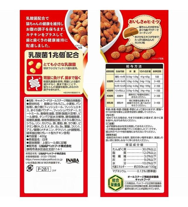 穀類(とうもろこし、小麦粉、パン粉等)、魚介類(フィッシュミール、フィッシュエキス、まぐろ節パウダー、フィッシュパウダー)、ミートミール、動物性油脂、豆類(脱脂大豆等)、ビール酵母、タンパク加水分解物、酵母細胞壁、殺菌乳酸菌、植物発酵抽出物、ミネラル類(カルシウム、リン、カリウム、鉄、亜鉛、銅、ヨウ素)、ビタミン類(A、D、E、K、B1、B2、B6、葉酸、コリン)、アミノ酸類(メチオニン、タウリン)、pH調整剤、緑茶抽出物(ガレート型カテキン含有)
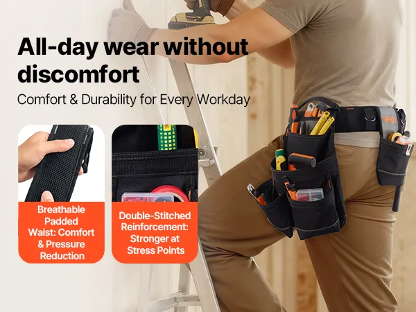Ergonomic Comfort Waist: Our wide, padded framing tool belt evenly distributes weight and reduces strain. It remains secure and comfortable during long, intense work, avoiding constriction and fatigue, helping workers focus and boosting efficiency
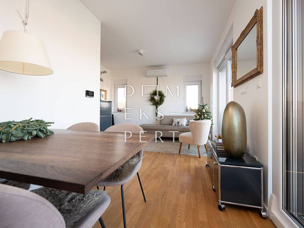 For sale is a modern four-room apartment in an excellent location in Velika Gorica, Pleso district. The building is of high-quality construction, finished in December 2024. The apartment is located on the 2nd and top floor.
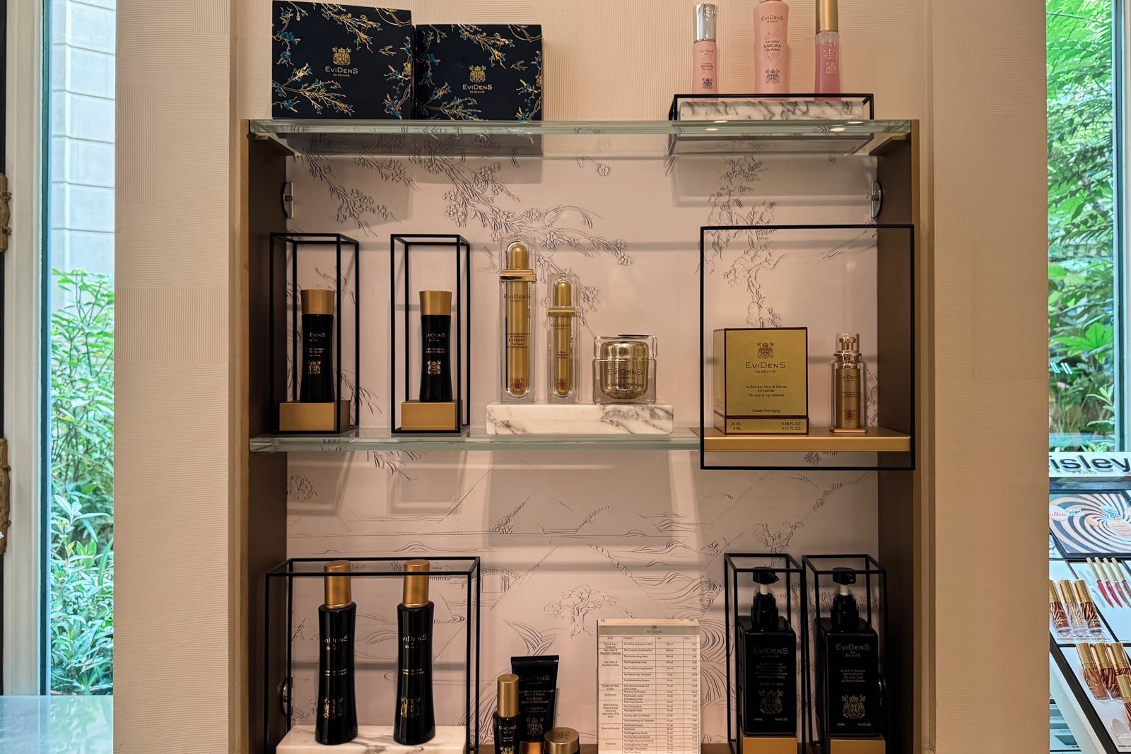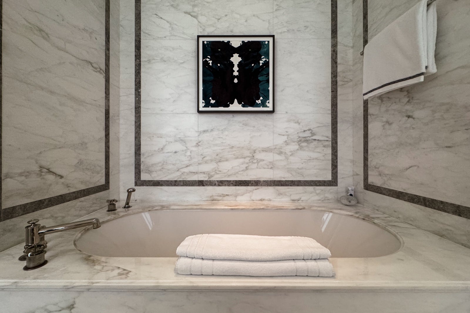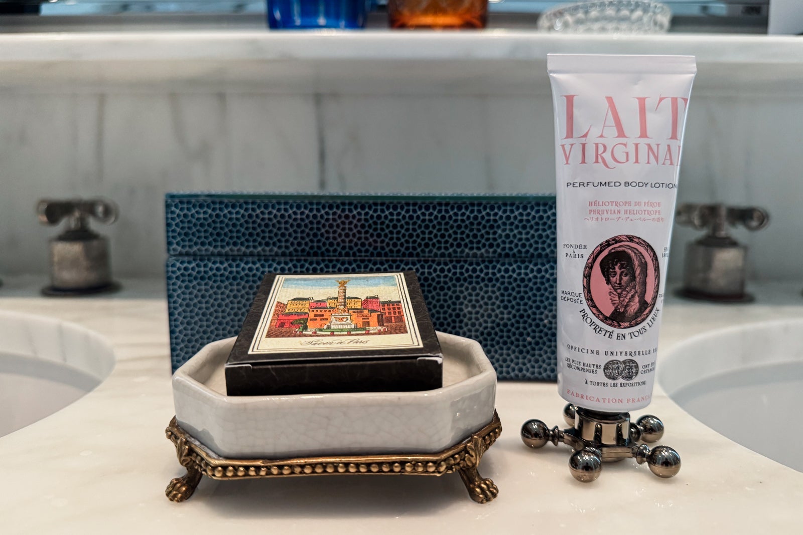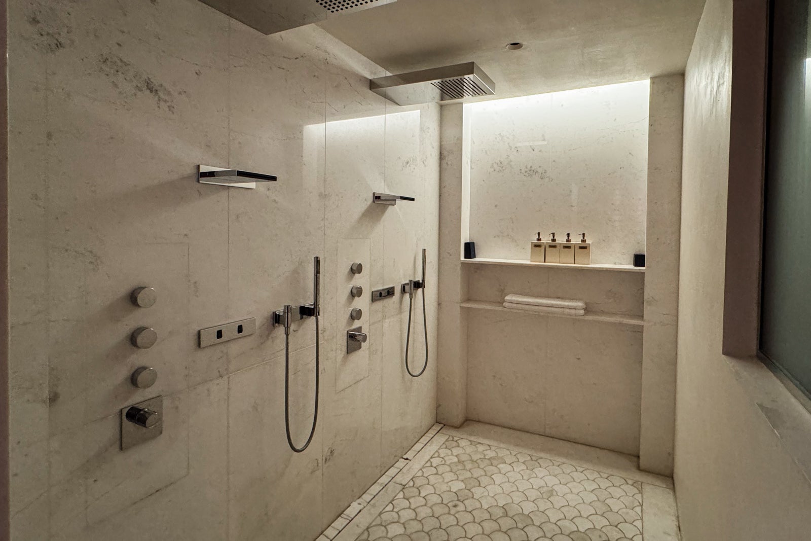 Instead, I took up temporary residence in the all-marble bathroom, sampling the fragrant Officine Universelle Buly products while weighing a bath in the huge soaking tub. I eventually opted for a refreshing rinse in the shower, whose ornate, metal-bordered glass door felt like a baroque picture frame.
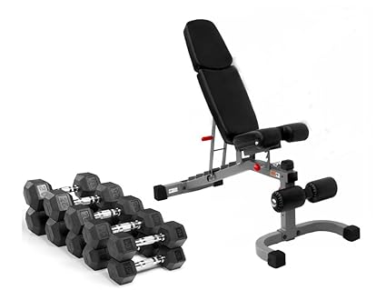 Xmark Fitness Fid Weight Bench With Preacher Curl Xm 4417 And Rubber Coated Hex Dumbbells Sold In Sets 5 Pair 10 15 20 25 And 30 Lbs Total
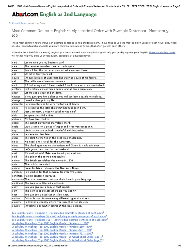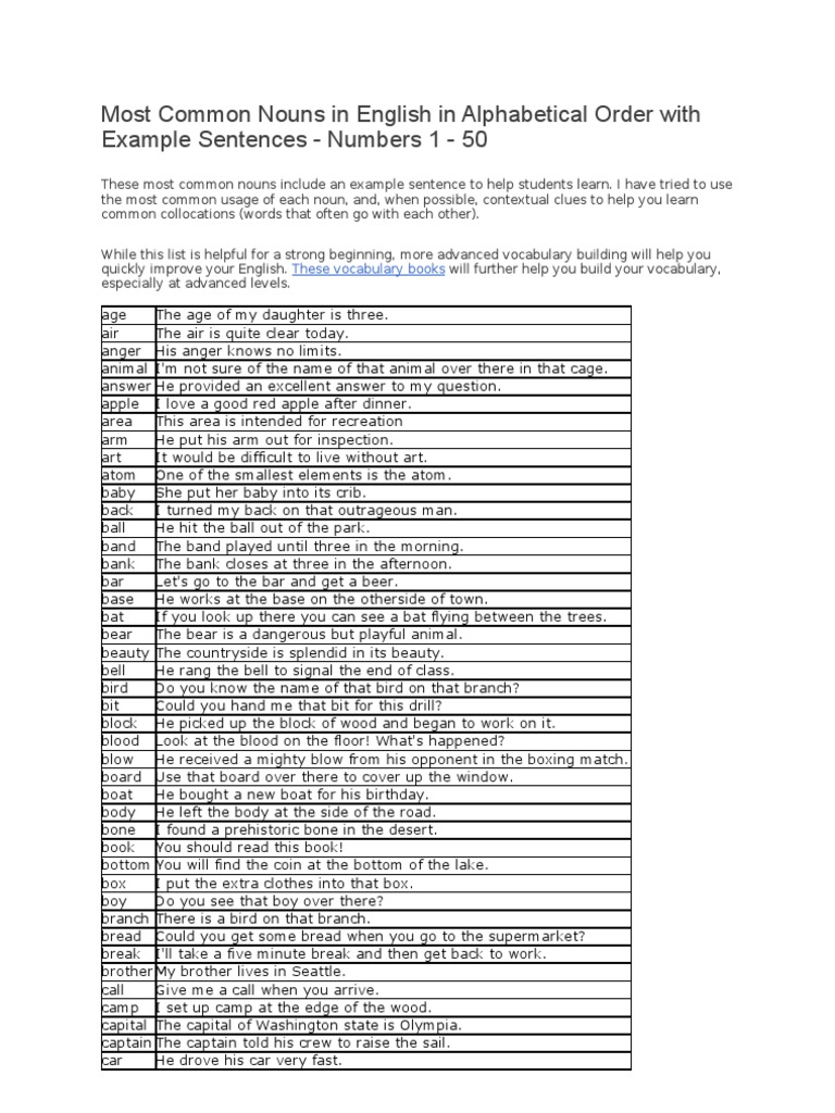List Of Common Nouns In Alphabetical Order. This is a select list of 250 common uncountable nouns presented in alphabetical order. Alphabetical order is a system whereby character strings are placed in order based on the position of the characters in the conventional ordering of an alphabet.
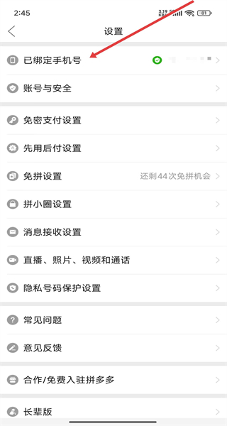 1、在進(jìn)入到設(shè)置頁(yè)面中時(shí),可以點(diǎn)擊已綁定手機(jī)號(hào)選項(xiàng)進(jìn)入設(shè)置。
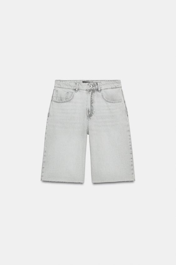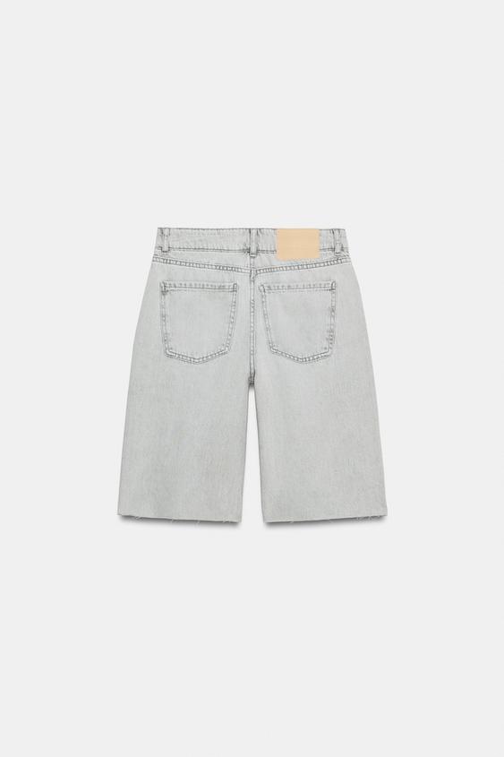 ZARA ДЖИНСОВЫЕ ШОРТЫ Z1975 СО СРЕДНЕЙ ПОСАДКОЙ, СВЕТЛО-СЕРЫЙ

* * *

→ PROBLEM
Reproduce the listing in full and exactly, excluding any pictures it holds.

→ ANSWER BOX
 穀類(とうもろこし、小麦粉、パン粉等)、魚介類(フィッシュミール、フィッシュエキス、まぐろ節パウダー、フィッシュパウダー)、ミートミール、動物性油脂、豆類(脱脂大豆等)、ビール酵母、タンパク加水分解物、酵母細胞壁、殺菌乳酸菌、植物発酵抽出物、ミネラル類(カルシウム、リン、カリウム、鉄、亜鉛、銅、ヨウ素)、ビタミン類(A、D、E、K、B1、B2、B6、葉酸、コリン)、アミノ酸類(メチオニン、タウリン)、pH調整剤、緑茶抽出物(ガレート型カテキン含有)
Ergonomic Comfort Waist: Our wide, padded framing tool belt evenly distributes weight and reduces strain. It remains secure and comfortable during long, intense work, avoiding constriction and fatigue, helping workers focus and boosting efficiency
 For sale is a modern four-room apartment in an excellent location in Velika Gorica, Pleso district. The building is of high-quality construction, finished in December 2024. The apartment is located on the 2nd and top floor.
 Instead, I took up temporary residence in the all-marble bathroom, sampling the fragrant Officine Universelle Buly products while weighing a bath in the huge soaking tub. I eventually opted for a refreshing rinse in the shower, whose ornate, metal-bordered glass door felt like a baroque picture frame.
 Xmark Fitness Fid Weight Bench With Preacher Curl Xm 4417 And Rubber Coated Hex Dumbbells Sold In Sets 5 Pair 10 15 20 25 And 30 Lbs Total
List Of Common Nouns In Alphabetical Order. This is a select list of 250 common uncountable nouns presented in alphabetical order. Alphabetical order is a system whereby character strings are placed in order based on the position of the characters in the conventional ordering of an alphabet.
 1、在進(jìn)入到設(shè)置頁(yè)面中時(shí),可以點(diǎn)擊已綁定手機(jī)號(hào)選項(xiàng)進(jìn)入設(shè)置。
 ZARA ДЖИНСОВЫЕ ШОРТЫ Z1975 СО СРЕДНЕЙ ПОСАДКОЙ, СВЕТЛО-СЕРЫЙ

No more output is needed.